Lesser operative time, comparatively early removal of bilateral ureteric catheter and less analgesic required ultimately results in early convalescence and reduced duration of hospitalization, 3.2 days in laparoscopic extravesical versus 3.9 days in laparoscopic O’Connor, which is comparable with published literature. Regarding the blood loss, the mean blood loss in the laparoscopic O’Connor group was 210 mL, whereas in published literature of laparoscopic O’Connor it ranged from 59 to 333 mL. On the other hand, in the present study, the mean blood loss was 95 mL with laparoscopic extravesical technique, while with the case series of laparoscopic extravesical repair the Abdel Karim et al^27^ study reported a mean blood loss of 110 mL and duration of hospitalization was 3 days, which is comparable with ours, 3.2 days of hospitalization. The reduced mean blood loss in laparoscopic extrvesical was mainly due to limited dissection and precluded cystotomy that could be a source of bleeding. In the present study, we observed that in the patients with a long curved supratrigonal fistulous tract the risk of inadvertent cystotomy during the laparoscopic extravesical technique was slightly on the higher side. In such cases if inadvertent cystotomy occurred then adoption of laparoscopic O’Connor approach as salvage procedure intraoperatively was we found as a good option. We had 1 such case that has been included in the laparoscopic O’Connor group. Perivesical adhesions can also cause inadvertent cystotomy during laparoscopic extravesical repair; however, we had no such case of conversion due to perivesical adhesions. In cases where the fistulous opening was in close proximity of the ureteric orifice laparoscopic O’Connor has advantageous cystotomy as it can help in identification of the fistula tract and precise excision of the tract with securing bilateral ureteric orifice.

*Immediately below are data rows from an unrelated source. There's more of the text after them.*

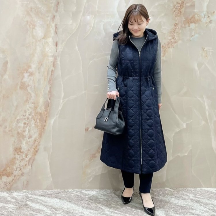 スカートはニットジョーゼットミディスカートを合わせました!自然なフレアラインが大人の上品な印象を与えてくれます。ウエストベルトが施されているのでトップスインで上下にもメリハリを出しました。ニットのシアースリーブが程良く軽さを出してくれるので、オールブラックコーデでも重くなり過ぎずお召しいただけます!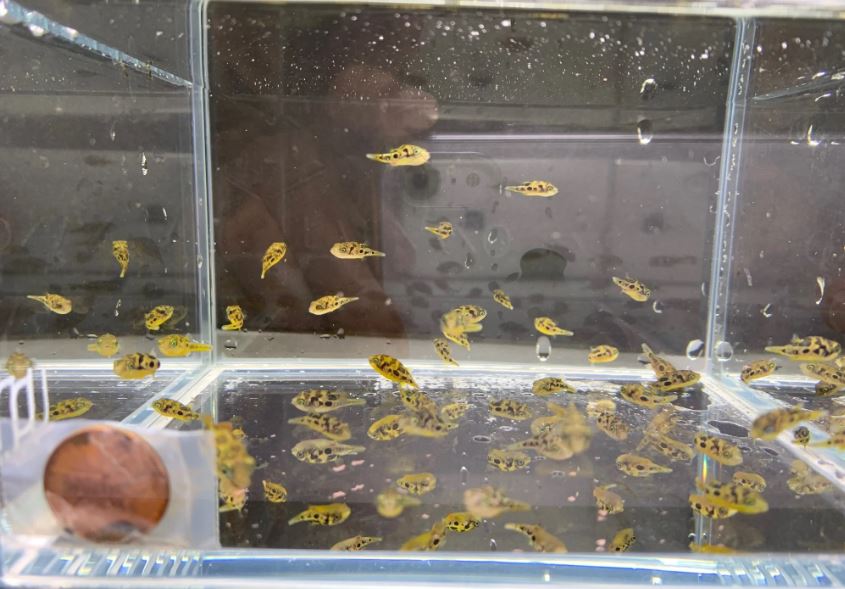 We placed a penny at the corner of the tank so you can have an idea of the size of the fish.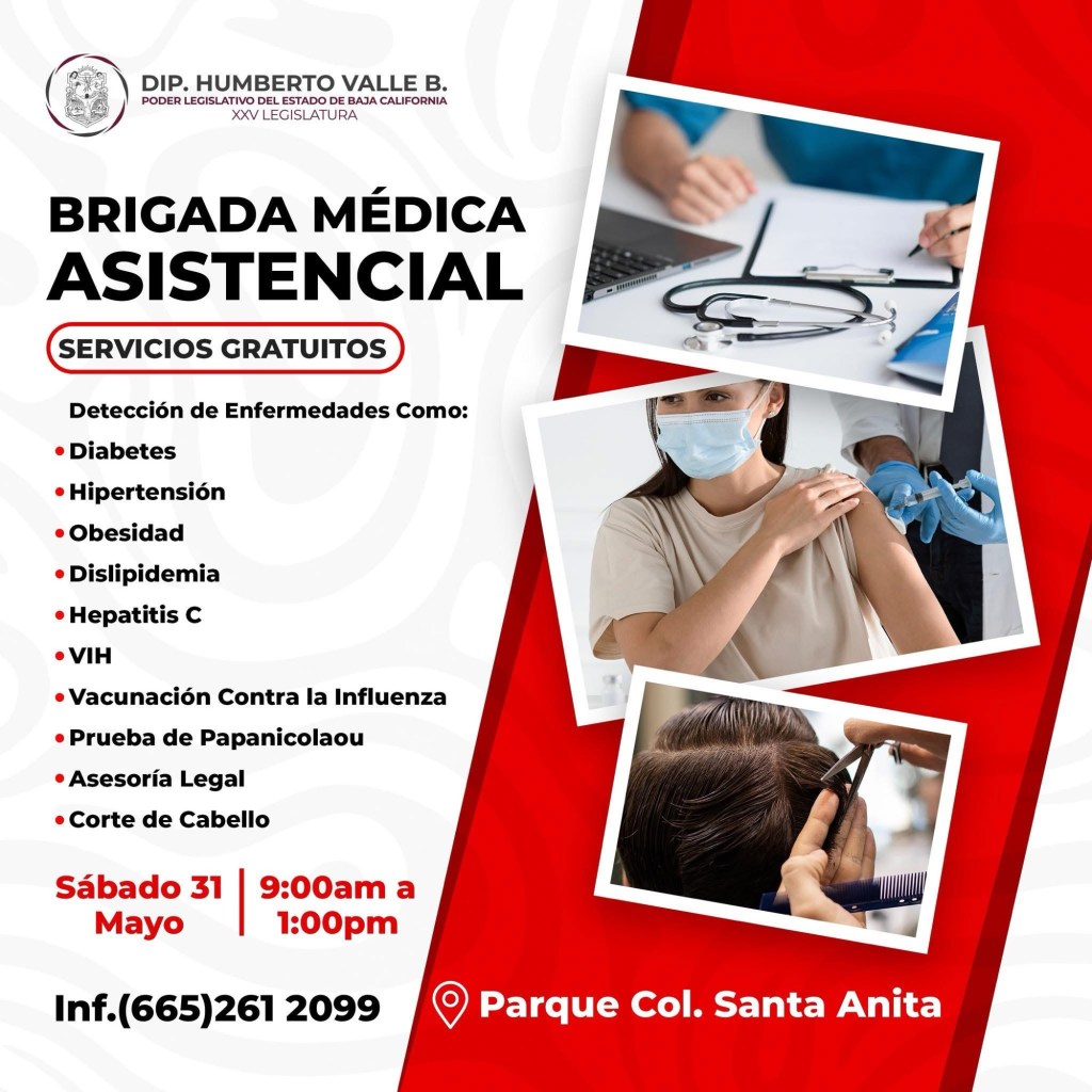 🔴Convocan a la ciudadanía a participar en la brigada médica asistencial gratuita, que se llevará a cabo el próximo sábado 31 de mayo, de 9:00 a.m. a 1:00 p.m., en el parque de la colonia Santa Anita.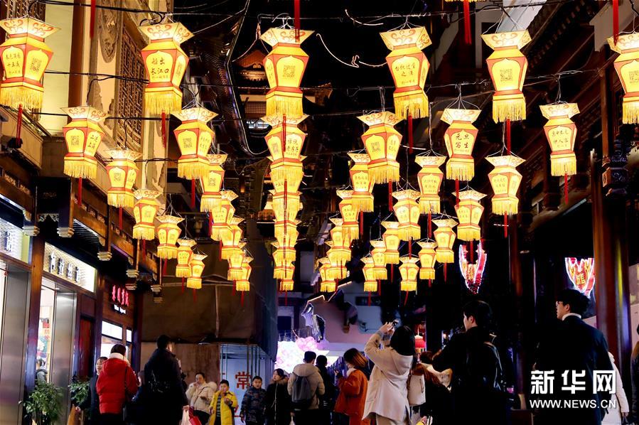 31月21日晚,游客在豫园赏灯。当晚,2019年豫园新春民俗艺术灯会正式亮灯。本届灯会将持续至2月22日,为期33天,预计将迎来数百万海内外游客赏灯迎新。 新华社记者 刘颖/摄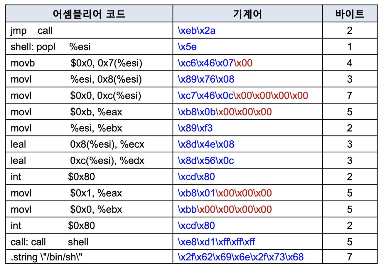 Shell을 띄우는 기계어 코드로, 공격자가 shell을 얻으면 OS에서 거의 모든 명령을 실행할 수 있다.

In the post-operative period, 27.7% patients had Clavien–Dindo class I complications in the laparoscopic O’Connor group, like mild hematuria, which was resolved spontaneously in 1-2 days, also prolonged paralytic ileus in 11.1% and surgical site infection (SSI) in 5.55% of the patients, which were managed successfully with conservative measures. On the other hand, in the laparoscopic extravesical group, these complications were very limited, with 11.1% of the patients having hematuria and 5.55% having prolonged paralytic ileus, which were managed conservatively. With comparable mean durations of follow-up, 12.4 months in the laparoscopic O’Connor group and 14.7 months in the laparoscopic extravesical group, 26% of the patients in the laparoscopic O’Connor group had UUI. It was probably due to bladder spasms after cystotomy during laparoscopic O’Connor repair. However, these patients were managed with anticholinergics. In the present study the success rate of laparoscopic O’Connor was 83.33%, while in literature it ranges between 87% and 100%. We would like to quote that 3 failed cases in laparoscopic O’Connor and 1 in laparoscopic extravesical have been reoperated at an interval of 12 weeks with laparoscopic O’Connor and laparoscopic extravesical techniques, respectively, with successful outcomes. It denotes the reproducibility of these techniques. The limitations of this study are the small sample size and nonrandomization of the patients. However, size of VVF, comorbidities of the patients, and primary or recurrent cases were comparable and without significant differences in both the groups.
In conclusion, we observed that laparoscopic extravesical technique is more patient friendly with lesser operative time, less blood loss, reduced duration of hospitalization, and successful outcomes in comparison to laparoscopic O’Connor technique in the management of supratrigonal VVF. However, multi-institutional study outcomes should be sought.